The MLPerf inference benchmark measures how fast a system can perform ML inference.
Each MLPerf Inference benchmark is defined by a model, a dataset, a quality target, and a latency constraint. The following table summarizes the five benchmarks in version v0.5 of the suite. The quality and latency targets are currently being finalized and will be posted soon.
|Area||Task||Model||Dataset||Quality Target||Latency Constraint|
|Vision||Image classification||Resnet50-v1.5||ImageNet (224x224)||TBD||TBD|
|Vision||Image classification||MobileNets-v1 224||ImageNet (224x224)||TBD||TBD|
|Vision||Object detection||SSD-ResNet34||COCO (1200x1200)||TBD||TBD|
|Vision||Object detection||SSD-MobileNets-v1||COCO (300x300)||TBD||TBD|
MLPerf inference benchmarks are executed via a load generator that issues queries to the ML model in one of several manners that represent real-world use cases.

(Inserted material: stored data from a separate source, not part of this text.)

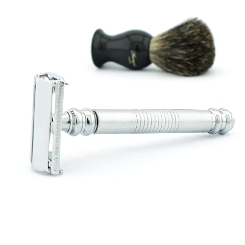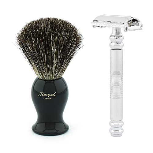 Haryali London assemblato a mano argento doppio bordo rasoio di sicurezza farfalla & nero. Pennello per rasatura
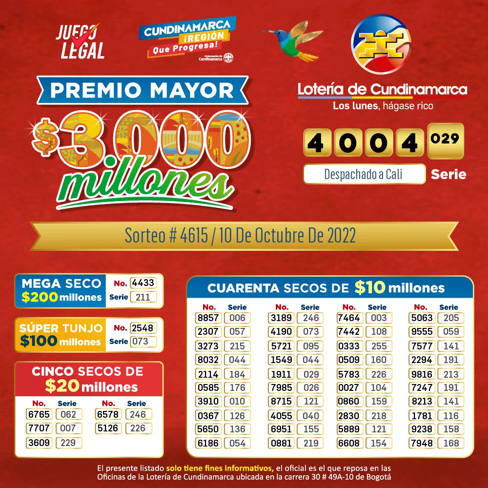Conoce los resultados de la Lotería de Cundinamarca 4615, una de las más populares de Colombia y descubre si eres el ganador.
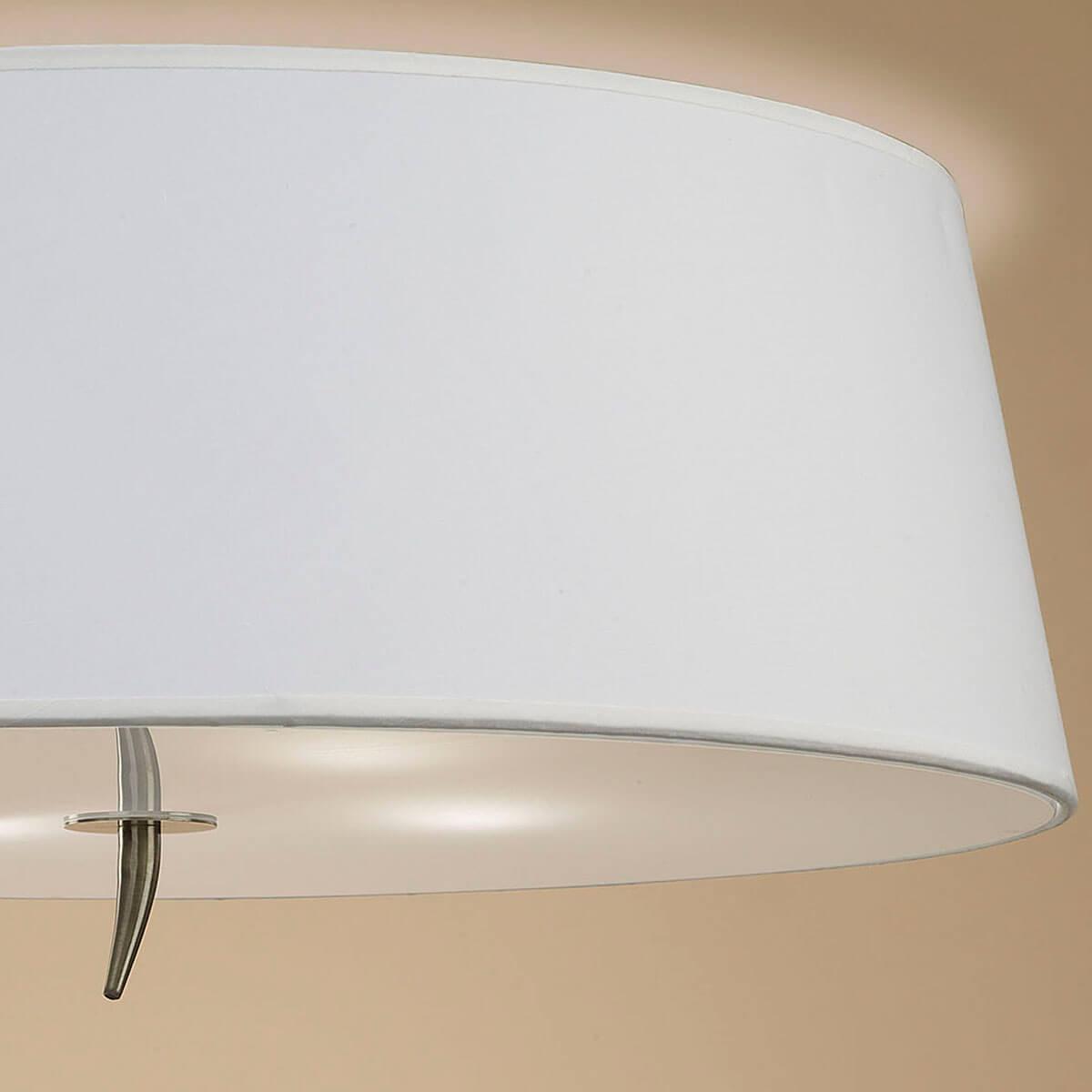 Потолочный светильник Mantra Ninette Antique Bras 1929 - это изысканное и функциональное освещение для спальни, созданное ведущим испанским брендом Mantra. Светильник из коллекции Ninette имеет дизайнерский стиль и отличается высоким качеством исполнения.Этот потолочный светильник оснащен четырьмя энергосберегающими лампочками с цоколем E27 и общей мощностью 80 Вт. Плафон изготовлен из ткани белого цвета, а абажур имеет кремовый оттенок, что придает освещению мягкость и уют. Диаметр светильника составляет 600 мм, а высота - 270 мм.

The “LoadGen” is provided in C++ with Python bindings, and is required for all submissions.
The LoadGen is responsible for:
- Generating the queries.
- Tracking the latency of queries.
- Validating the accuracy of the results.

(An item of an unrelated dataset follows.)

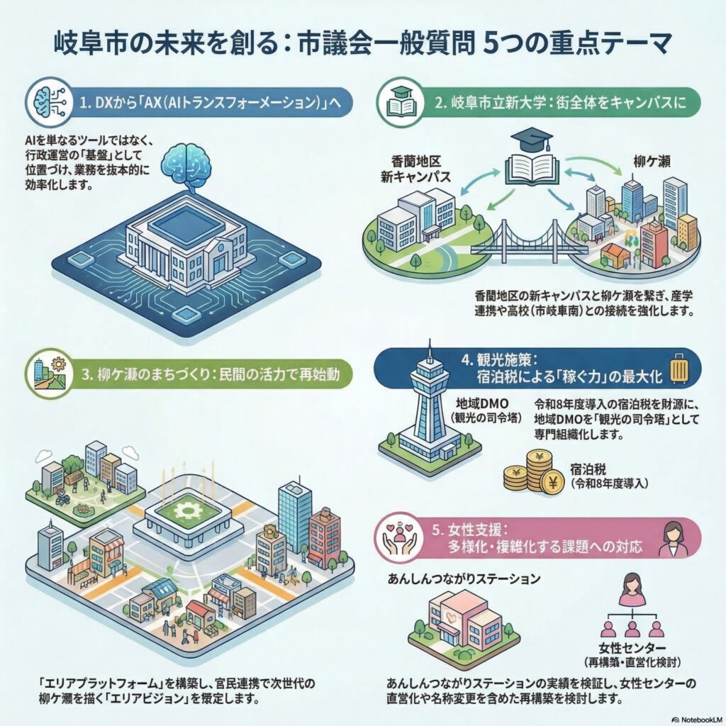 今回の質問内容は、DX(デジタル化)の推進から、新大学の設置、柳ケ瀬の活性化、観光、そして女性支援まで、これからの岐阜市の形をつくる重要な5項目です。
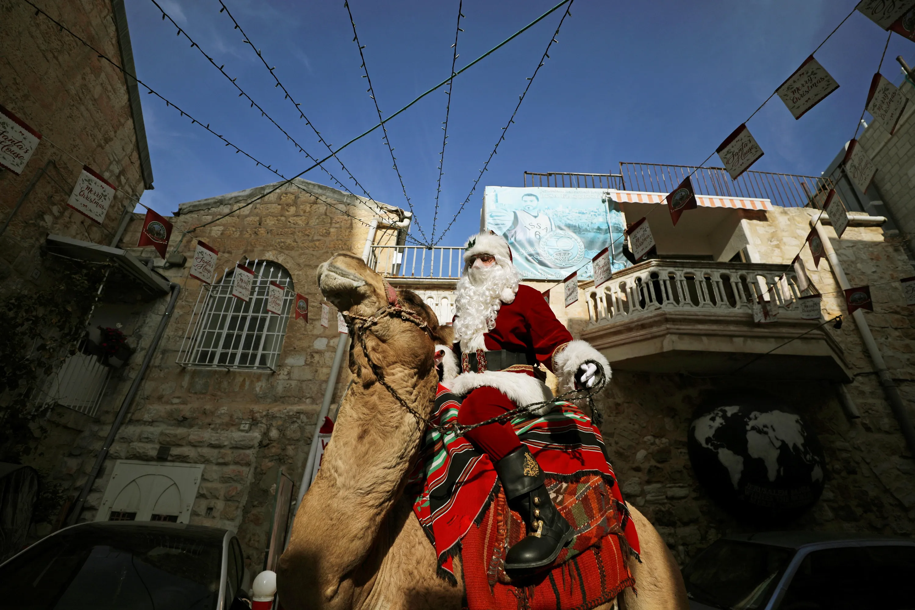 Issa Kassissieh wears a Santa Claus costume as he rides a camel after handing out Christmas trees to people during the annual distribution of the trees organized by the Jerusalem municipality in Jerusalem's Old City on December 22, 2020. (Photo by Ammar Awad/Reuters)

- Computing final metrics.
Scenarios and Metrics
In order to enable representative testing of a wide variety of inference platforms and use cases, MLPerf has defined four different scenarios as described below. A given scenario is evaluated by the LoadGen generating inference requests in a particular pattern and measuring a specific metric.
- Single-stream: Evaluates real-world scenarios such as a smartphone user taking a picture. For the test run, LoadGen sends an initial query then continually sends the next query as soon as the previous query is processed. The metric is the 90th percentile latency (the latency such that 90% of queries complete at least that fast).
- Multi-stream: Evaluates real-world scenario such as a multi-camera automotive system that detects obstacles. The LoadGen uses multiple test runs to determine the maximum number of streams the system can support while meeting the latency constraint. The metric is the number of streams supported.
- Server: Evaluates real-world scenario such as a server in a datacenter that is servicing online requests. The LoadGen uses multiple test runs to determine the maximum throughput value in queries-per-second (QPS) the system can support while meeting the latency constraint 90% of the time. The metric is QPS.
- Offline: Evaluates real-world scenarios such as a batch processing system. For the test run, LoadGen sends all queries at once. The metric is throughput.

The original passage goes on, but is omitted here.